Work order: When you reach the line that holds "[충청뉴스큐] 논산시가 지역", start copying exactly and keep going through the final line of the data, leaving out pictures.

The data:
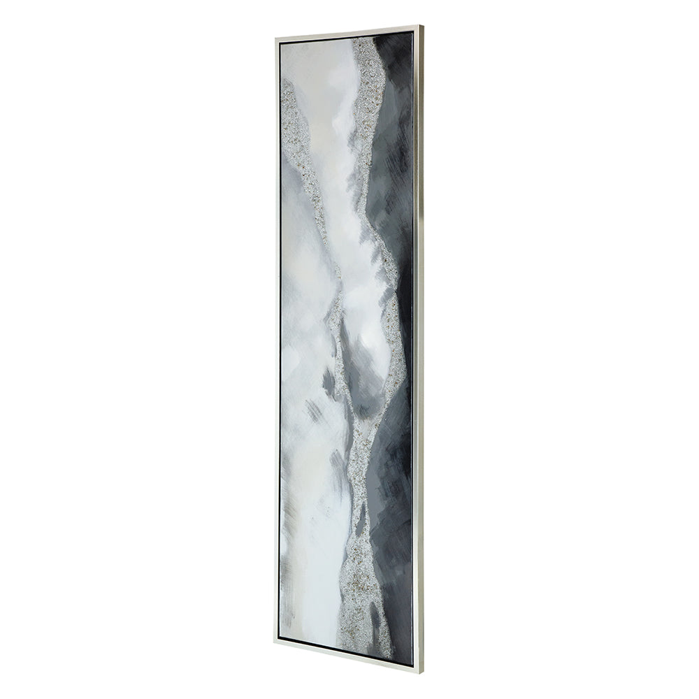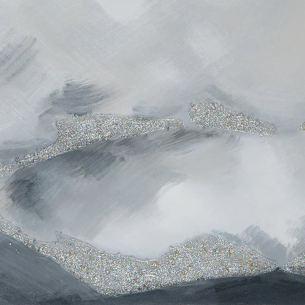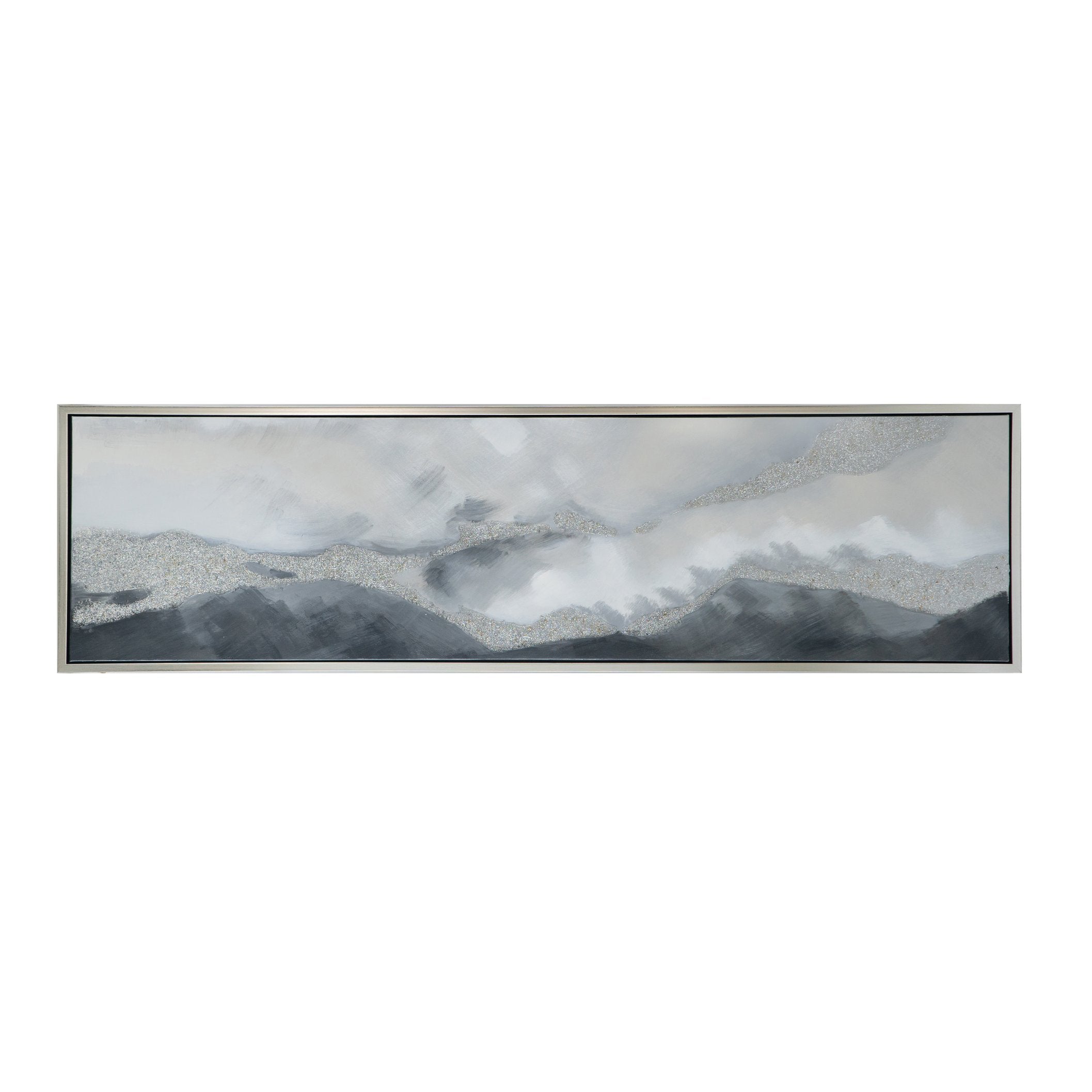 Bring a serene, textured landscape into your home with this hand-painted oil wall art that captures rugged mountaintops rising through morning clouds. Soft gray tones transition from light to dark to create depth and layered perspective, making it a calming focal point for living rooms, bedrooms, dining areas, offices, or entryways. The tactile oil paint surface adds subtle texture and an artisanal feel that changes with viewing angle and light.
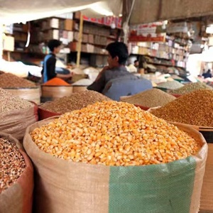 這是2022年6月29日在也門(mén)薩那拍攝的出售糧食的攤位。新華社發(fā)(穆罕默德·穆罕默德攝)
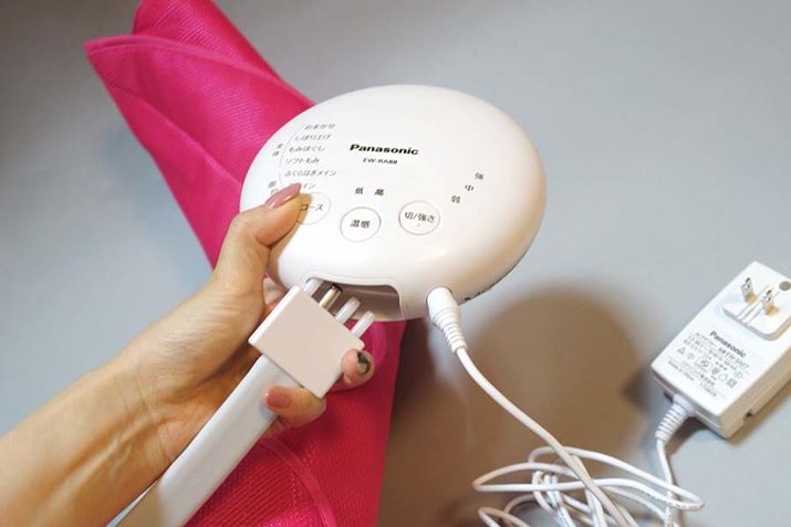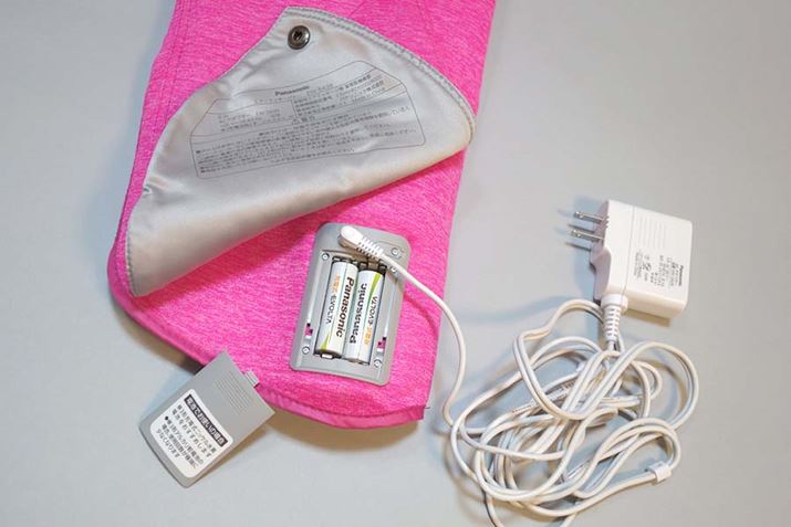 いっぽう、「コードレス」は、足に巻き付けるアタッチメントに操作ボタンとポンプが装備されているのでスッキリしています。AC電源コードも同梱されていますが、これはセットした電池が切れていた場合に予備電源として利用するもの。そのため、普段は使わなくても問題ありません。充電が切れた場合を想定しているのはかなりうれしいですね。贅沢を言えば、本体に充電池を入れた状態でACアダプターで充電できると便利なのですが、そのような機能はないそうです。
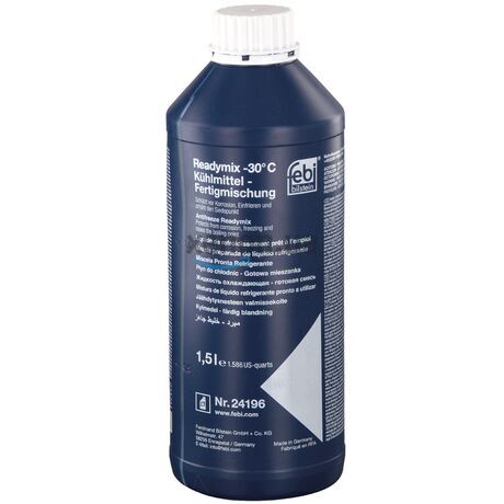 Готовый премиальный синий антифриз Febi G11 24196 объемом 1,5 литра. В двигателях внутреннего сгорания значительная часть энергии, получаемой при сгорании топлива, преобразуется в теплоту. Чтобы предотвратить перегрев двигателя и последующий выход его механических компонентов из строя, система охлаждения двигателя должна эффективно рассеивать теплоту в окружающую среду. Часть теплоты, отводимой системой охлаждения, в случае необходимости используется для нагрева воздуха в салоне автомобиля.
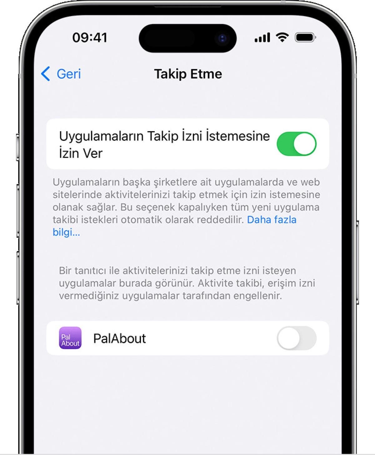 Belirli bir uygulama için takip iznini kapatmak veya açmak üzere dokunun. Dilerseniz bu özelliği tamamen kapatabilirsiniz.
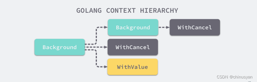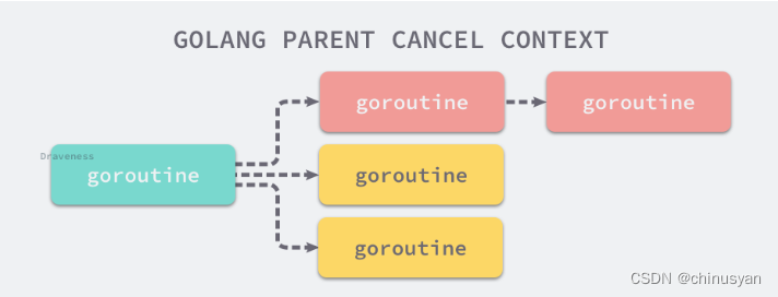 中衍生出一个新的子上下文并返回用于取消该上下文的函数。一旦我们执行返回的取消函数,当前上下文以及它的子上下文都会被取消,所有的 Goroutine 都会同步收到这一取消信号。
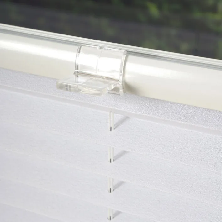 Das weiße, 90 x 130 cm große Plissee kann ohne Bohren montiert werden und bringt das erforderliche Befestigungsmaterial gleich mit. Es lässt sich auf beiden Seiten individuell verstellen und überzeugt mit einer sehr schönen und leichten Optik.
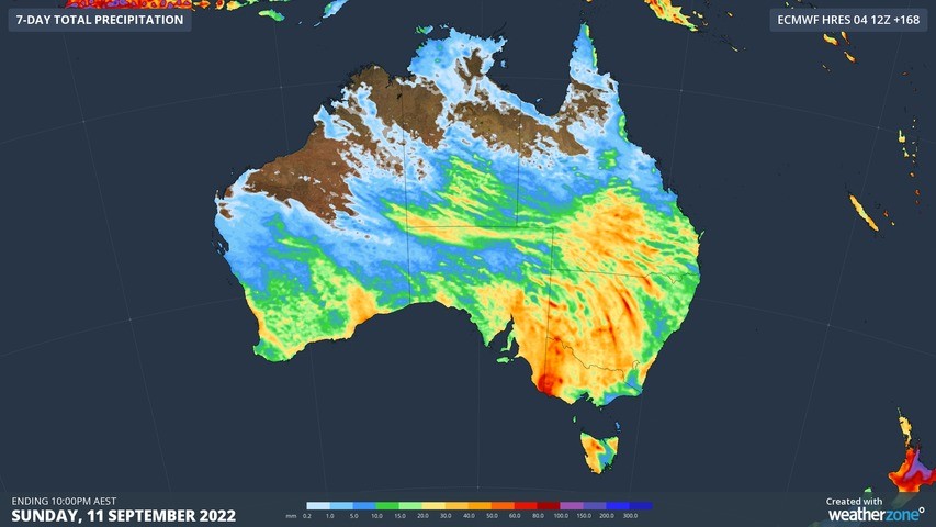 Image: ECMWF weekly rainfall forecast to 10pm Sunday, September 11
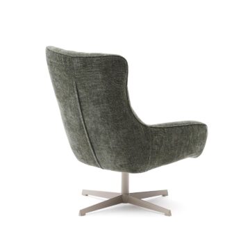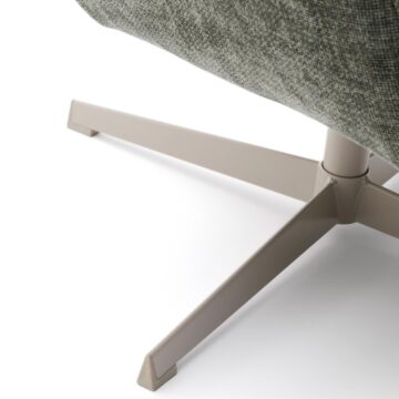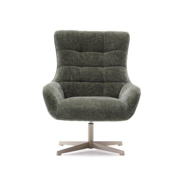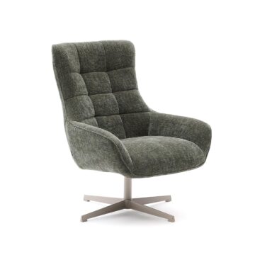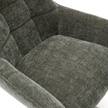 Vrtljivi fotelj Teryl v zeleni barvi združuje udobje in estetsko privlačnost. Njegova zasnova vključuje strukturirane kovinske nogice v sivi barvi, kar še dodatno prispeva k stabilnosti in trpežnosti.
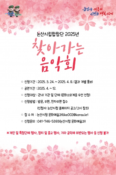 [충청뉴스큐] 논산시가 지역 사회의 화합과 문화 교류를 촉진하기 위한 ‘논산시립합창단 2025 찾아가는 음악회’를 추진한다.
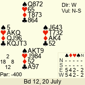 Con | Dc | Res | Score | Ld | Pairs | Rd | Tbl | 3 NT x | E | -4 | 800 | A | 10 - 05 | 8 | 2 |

Response area:
 [충청뉴스큐] 논산시가 지역 사회의 화합과 문화 교류를 촉진하기 위한 ‘논산시립합창단 2025 찾아가는 음악회’를 추진한다.
 Con | Dc | Res | Score | Ld | Pairs | Rd | Tbl | 3 NT x | E | -4 | 800 | A | 10 - 05 | 8 | 2 |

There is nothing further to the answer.